Group and US Inbound Travel to London To Offset Missing Chinese Tourists
LONDON — Keeping demand flowing to hotels takes significant effort and sound strategy, and revenue managers in the United Kingdom now have more external factors to contend with.
Hoteliers, consultants and information technology specialists speaking on two panels at this week’s Global Revenue Forum said the industry is focused on what it can control and adapting when necessary.
Budgeting and cost control are affected by economic factors such as inflation, and understanding why and when guests are ready to book their stays is a constantly moving target as booking windows shift.
At the “Leaders” session, Neil Braude, chief operating officer of The Imperial London Hotels, said the discipline of revenue management has shifted a great deal in the past two years due to the presence of many more variables.
“Where do you want the business to be in two years’ time?” he asked. “And that is difficult when it is difficult to budget cash flows and energy-cost increases.
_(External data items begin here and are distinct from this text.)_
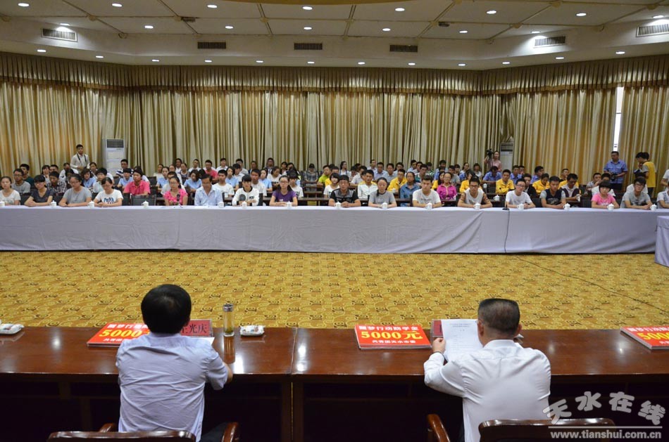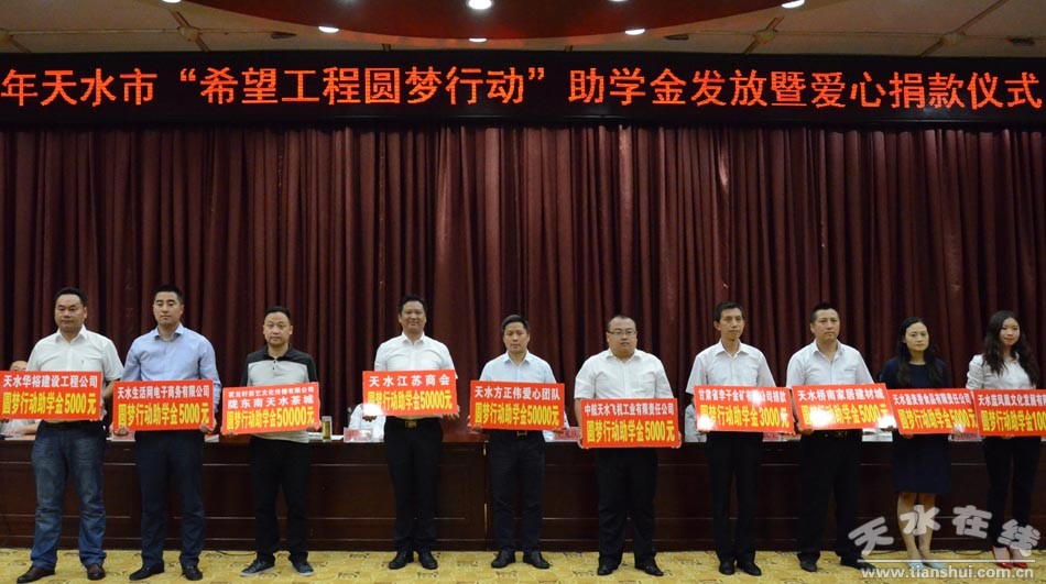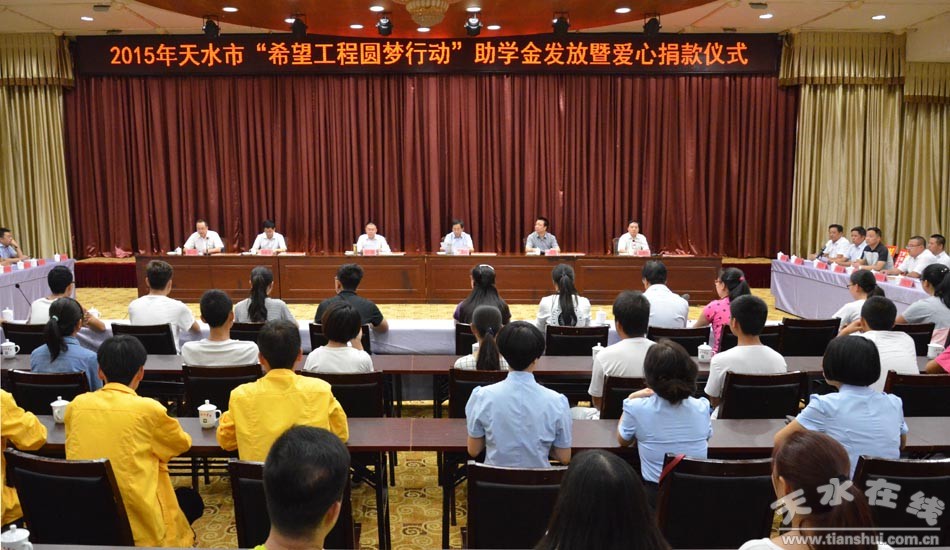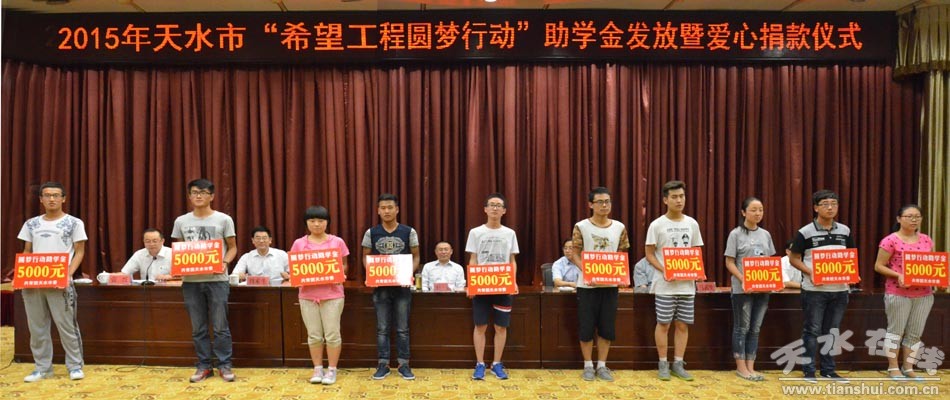 8月26日,2015年天水市“希望工程圆梦行动”助学金发放暨爱心捐款仪式在天水迎宾馆举行,天水市85名贫困大学新生每人获得5000元助学金,共计42.5万元。
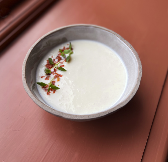 Värm soppan snabbt strax innan det är dags att servera. Garnera gärna med färsk timjan och bitar av rostad parmaskinka.
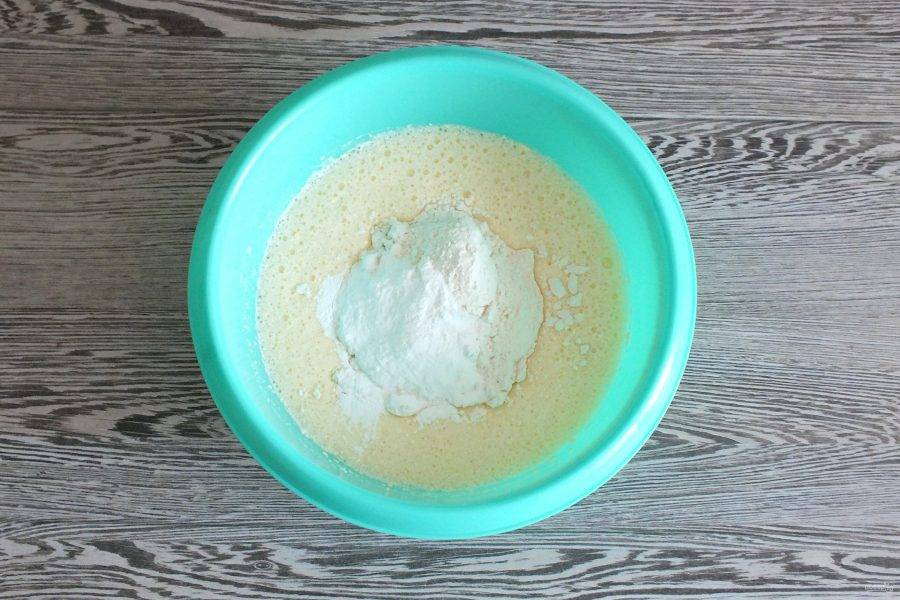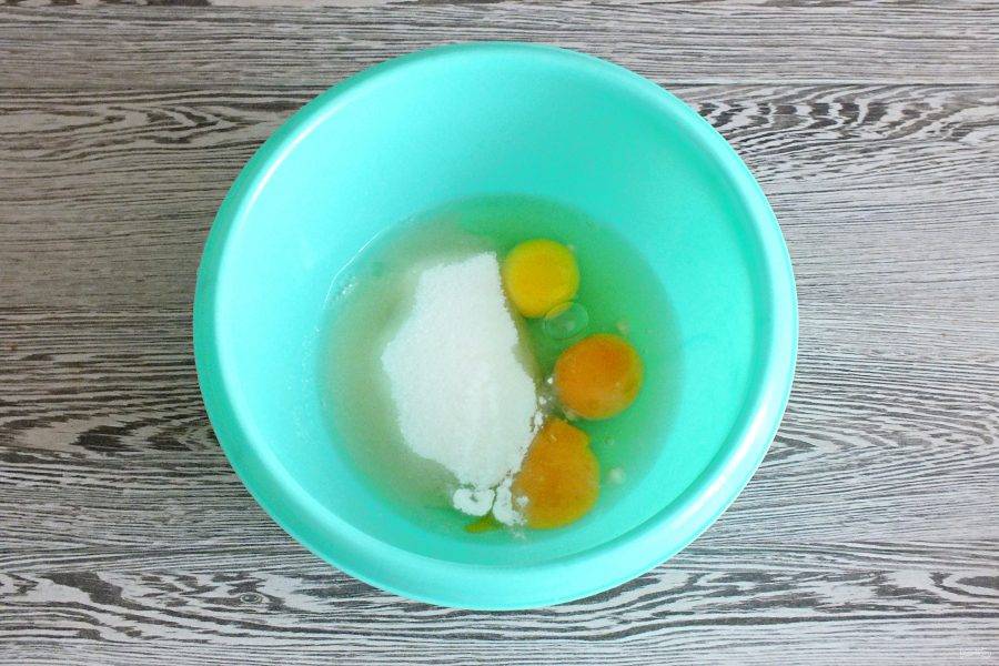 Соедините в чаше яйца и сахар. Взбейте в пышную пену.
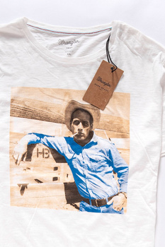 Męski t-shirt marki Wrangler w kolorze ecru. Charakteryzuje go regularny krój. Na klatce piersiowej duży nadruk - kadr z filmu The Left Handed Gun z 1958 roku, w którym widoczny na princie Paul Newman wcielił się w postać Billy The Kida. Gratka dla koneserów amerykańskiej kinematografii.
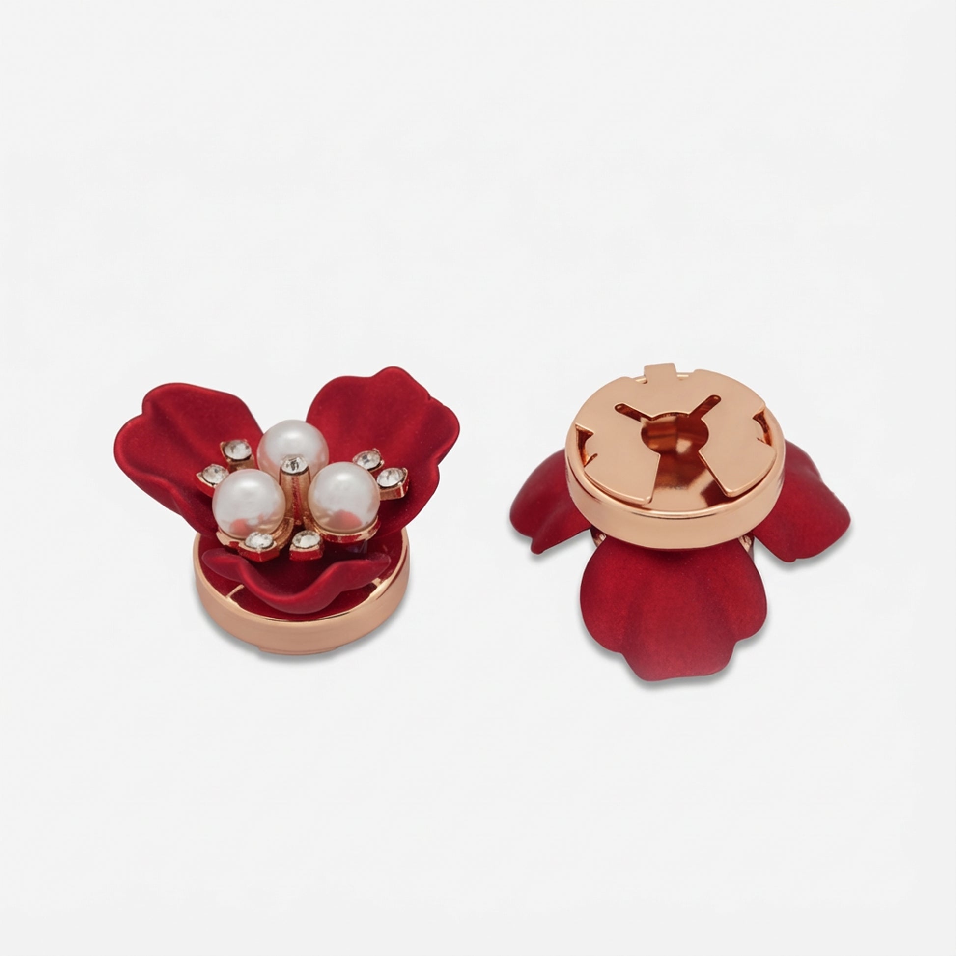 Snap it over your existing button to instantly elevate a simple blouse or shirt with layered petals and delicate pearl details. Reusable, lightweight, and thoughtfully designed to catch the light beautifully.
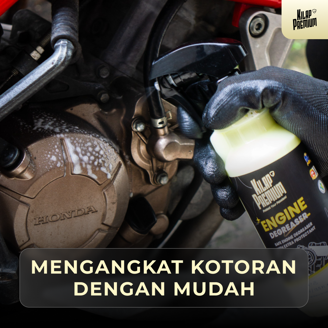 Engine Degreaser by Kilap Premium adalah pembersih noda pada permukaan, mesin, kaki-kaki dan velg. Tambahan kandungan dressing di dalamnya dapat membuat tampilan mesin tetap seperti baru. Selain itu, tidak membuat kusam seperti degreaser konvensional, sehingga aman buat motor dan mobilmu tetap terjaga!
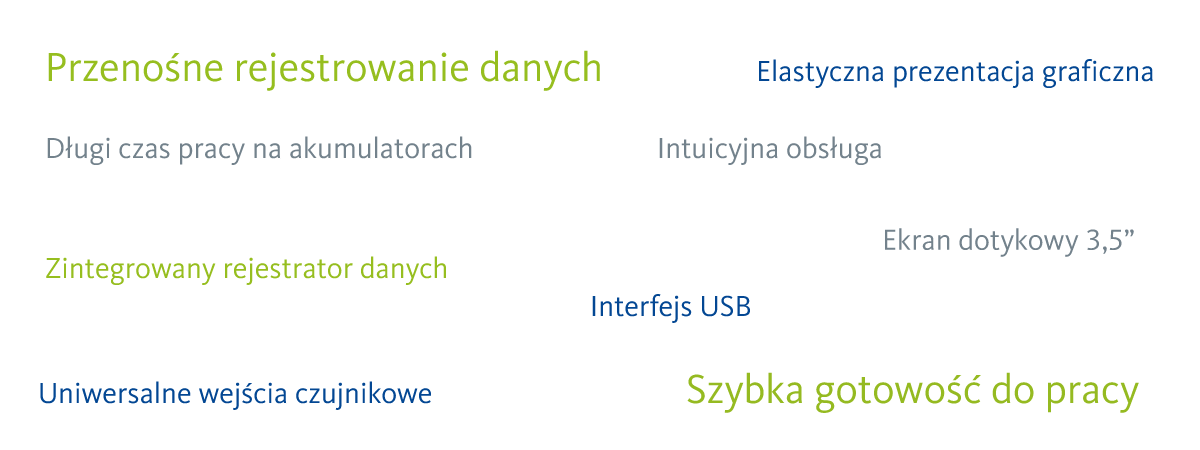 Uniwersalne wejście czujnikowe zapewnia możliwość podłączenia wszystkich typowych w przemyśle przetworników pomiarowych. Intuicyjna obsługa odbywa się na czytelnym ekranie dotykowym 3,5". Rejestrowanie danych przydatnych w serwisowaniu przez zintegrowany rejestrator danych, barwne prezentacje z krzywymi pomiarowymi oraz interpretacja danych to kolejne przekonujące cechy tego wydajnego, a mimo to kompaktowego miernika. Za pomocą pamięci USB wartości pomiarowe można również wygodnie przenosić do komputera PC i tam w nieskomplikowany sposób poddawać dalszej analizie w oprogramowaniu analizującym METPOINT READER SW201. W ten sposób zmierzone wartości można łatwo odtworzyć w czasie rzeczywistym, a w razie potrzeby natychmiast podjąć niezbędne działania. Dzięki urządzeniu METPOINT BDL portable przez cały czas można obserwować i kontrolować wszystkie wartości również na miejscu.
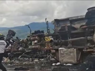 En un lamentable incidente registrado en el kilómetro 21 de la ruta VAS, un cabezal con cisterna que transportaba combustible volcó y se incendió cerca del ingreso a Mayan Golf, provocando el fallecimiento de una persona.

It is a process.”
Collaboration from other disciplines and departments, such as sales and marketing, helps revenue managers to make the best decisions, he added.
Frank Reeves, co-founder and CEO at booking technology firm Avvio.com, said “the different disciplines have to share guest expectations as their ultimate goal.”
Hoteliers have more control over how to best utilize the space at their properties to drive revenue, which could include partnering with third-party providers in selling and packaging services, experiences and other amenities and using technology, Braude said.
He added he views artificial intelligence as a facilitator of all the things hoteliers would rather not be doing.
“AI requires a lot of work to add content and reduce pain points,” he said.
Outlook for Inbound Tourism to the UK
During a session focused on demand projections for the United Kingdom, panelists said travel has changed in the past three years and is not anywhere close to resembling pre-pandemic patterns.
Ben Godon, head of hospitality asset management at business advisory Colliers, said he cannot put his finger on where U.K. hotel demand will settle.
“Realistically now, guests will jump on a plane and seek the sunshine,” he said.
Godon added that China, with its continued pandemic pain and complicated visa process, will not feature in hotel demand this year, although travelers from China will return eventually.
“Some of the pain is being alleviated by the return of group travel. U.S. [inbound] performance to London has returned to being strong, and there is even some of that demand going to regional United Kingdom. Large group hotels in London will do well this year,” he said.
David Bailey, strategic advisor of growth and expansion at Resident Hotels — and consultant senior advisor at CBRE Hotels — said businesses must travel, and hoteliers must try and sell to them.
“[Companies know] it is necessary to travel to reach [their] commercial objectives,” he said.
He added hoteliers must continue seeking every bit of business, a focus certainly shared by owners.
“If you’re not selling to someone, someone else will,” he said.
This year will certainly be challenging for U.K. hoteliers, Bailey said.
“The V-shape recovery took everyone by surprise, [but now] the [International Monetary Fund] says the U.K. is to be the only major economy to be in recession this year, going from the best economy in the G7 to the worst, a high-tax economy with large national debt,” he said.
On Thursday, the Bank of England raised interest rates by 50 basis points to 4% in an additional move to curb inflation.
Regardless of the macroeconomic environment, investors in hotels want results, Godon said.
“Investors’ expectations are for growth, period,” Godon said.
Despite a challenging start of the year, Godon said, “ownership is looking at high returns on investment. [The first quarter] 2023 results will be touch-and-go.”